You can address these monitoring challenges by building a video monitoring solution with Amazon Bedrock Agents. The system intelligently screens events, filters routine activity, and escalates situations requiring human attention, helping reduce alert fatigue while improving detection accuracy. The solution uses Amazon Bedrock Agents to analyze detected motion from video, and alerts users when an event of interest happens according to the provided instructions. This allows the system to intelligently filter out trivial events that can trigger motion detection, such as wind or birds, and direct the user’s attention only to events of interest. The following diagram illustrates the solution architecture.

The solution uses three primary components to address the core challenges: agents as escalators, a video processing pipeline, and Amazon Bedrock Agents. We discuss these components in more detail in the following sections.

The solution uses the AWS Cloud Development Kit (AWS CDK) to deploy the solution components. The AWS CDK is an open source software development framework for defining cloud infrastructure as code and provisioning it through AWS CloudFormation.

Agent as escalators

The first component uses Amazon Bedrock Agents to examine detected motion events with the following capabilities:

  • Provides natural language understanding of scenes and activities for contextual interpretation
  • Maintains temporal awareness across frame sequences to understand event progression
  • References historical patterns to distinguish unusual from routine events
  • Applies contextual reasoning about behaviors, considering factors like time of day, location, and action sequences

We implement a graduated response framework that categorizes events by severity and required action:

  • Level 0: Log only – The system logs normal or expected activities. For example, when a delivery person arrives during business hours or a recognized vehicle enters the driveway, these events are documented for pattern analysis and future reference but require no immediate action. They remain searchable in the event history.
  • Level 1: Human notification – This level handles unusual but non-critical events that warrant human attention. An unrecognized vehicle parked nearby, an unexpected visitor, or unusual movement patterns trigger a notification to security personnel. These events require human verification and assessment.
  • Level 2: Immediate response – Reserved for critical security events. Unauthorized access attempts, detection of smoke or fire, or suspicious behavior trigger automatic response actions through API calls. The system notifies personnel through SMS or email alerts with event information and context.

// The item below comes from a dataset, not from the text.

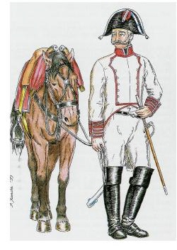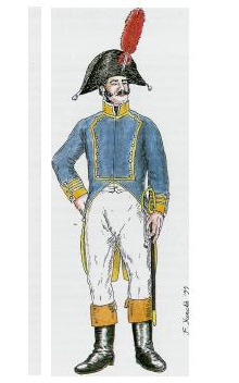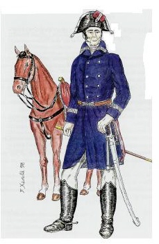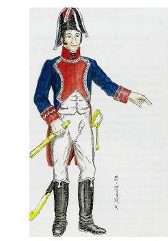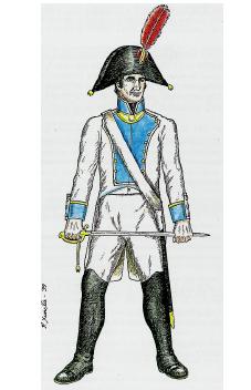 Uniformes de la Guerra del Francès a Girona. Esquerra: Reg. d'Infanteria de Borbó. Coronel amb uniforme de campanya (Brigadier Comte de Caldagués, 1808). Dreta: Regiment d'infanteria d'Ultònia. Coronel amb uniforme de diari (1808-1814). Dibuixos de Fèlix Xunclà publicats al Butlletí nº 5 de "El Baluard", 1999.

The solution provides an interactive processing and monitoring interface through a Streamlit application. With the Streamlit UI, users can provide instructions and interact with the agent.

The application consists of the following key features:

  • Live stream or video file input – The application accepts M3U8 stream URLs from webcams or security feeds, or local video files in common formats (MP4, AVI). Both are processed using the same motion detection pipeline that saves triggered events to Amazon Simple Storage Service (Amazon S3) for agent analysis.
  • Custom instructions – Users can provide specific monitoring guidance, such as “Alert me about unknown individuals near the loading dock after hours” or “Focus on vehicle activity in the parking area.” These instructions adjust how the agent interprets detected motion events.
  • Notification configuration – Users can specify contact information for different alert levels. The system uses Amazon Simple Notification Service (Amazon SNS) to send emails or text messages based on event severity, so different personnel can be notified for potential issues vs. critical situations.
  • Natural language queries about past events – The interface includes a chat component for historical event retrieval. Users can ask “What vehicles have been in the driveway this week?” or “Show me any suspicious activity from last night,” receiving responses based on the system’s event memory.

Video processing pipeline

The solution uses several AWS services to capture and prepare video data for analysis through a modular processing pipeline. The solution supports multiple types of video sources:

When using streams, OpenCV’s VideoCapture component handles the connection and frame extraction. For testing, we’ve included sample event videos demonstrating different scenarios. The core of the video processing is a modular pipeline implemented in Python. Key components include:

  • SimpleMotionDetection – Identifies movement in the video feed
  • FrameSampling – Captures sequences of frames over time when motion is detected
  • GridAggregator – Organizes multiple frames into a visual grid for context
  • S3Storage – Stores captured frame sequences in Amazon S3

This multi-process framework optimizes performance by running components concurrently and maintaining a queue of frames to process. The video processing pipeline organizes captured frame data in a structured way before passing it to the Amazon Bedrock agent for analysis:

  • Frame sequence storage – When motion is detected, the system captures a sequence of frames over 10 seconds. These frames are stored in Amazon S3 using a timestamp-based path structure (YYYYMMDD-HHMMSS) that allows for efficient retrieval by date and time. In the case where motions exceed 10 seconds, multiple events are created.
  • Image grid format – Rather than processing individual frames separately, the system arranges multiple sequential frames into a grid format (typically 3×4 or 4×5). This presentation provides temporal context and is sent to the Amazon Bedrock agent for analysis. The grid format enables understanding of how motion progresses over time, which is critical for accurate scene interpretation.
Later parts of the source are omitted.